• Given entries
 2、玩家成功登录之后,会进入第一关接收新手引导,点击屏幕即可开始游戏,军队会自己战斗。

--

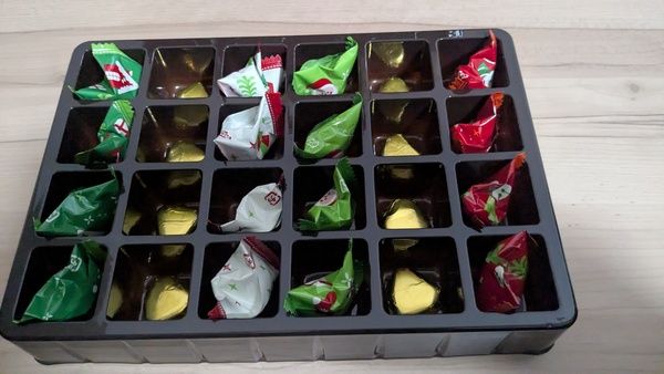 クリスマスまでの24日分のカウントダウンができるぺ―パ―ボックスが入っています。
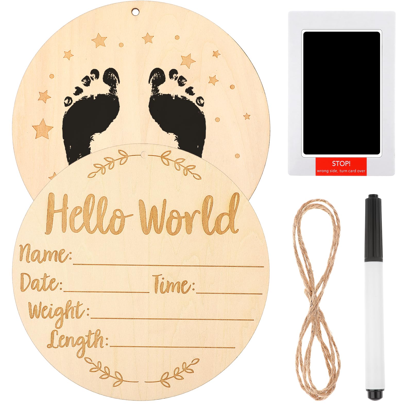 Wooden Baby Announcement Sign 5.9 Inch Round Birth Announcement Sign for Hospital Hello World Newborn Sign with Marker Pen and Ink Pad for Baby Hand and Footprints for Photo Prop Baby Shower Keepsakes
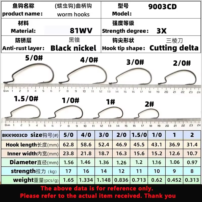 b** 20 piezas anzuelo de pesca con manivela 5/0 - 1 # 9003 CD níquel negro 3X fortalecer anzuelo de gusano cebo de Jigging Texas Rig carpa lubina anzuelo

• Brief
Print nothing except the lines above from the one containing "クリスマスまでの24日分のカ" down to the one containing "b** 20 piezas", both included, exactly as written and free of pictures.

• Final answer
 クリスマスまでの24日分のカウントダウンができるぺ―パ―ボックスが入っています。
 Wooden Baby Announcement Sign 5.9 Inch Round Birth Announcement Sign for Hospital Hello World Newborn Sign with Marker Pen and Ink Pad for Baby Hand and Footprints for Photo Prop Baby Shower Keepsakes
 b** 20 piezas anzuelo de pesca con manivela 5/0 - 1 # 9003 CD níquel negro 3X fortalecer anzuelo de gusano cebo de Jigging Texas Rig carpa lubina anzuelo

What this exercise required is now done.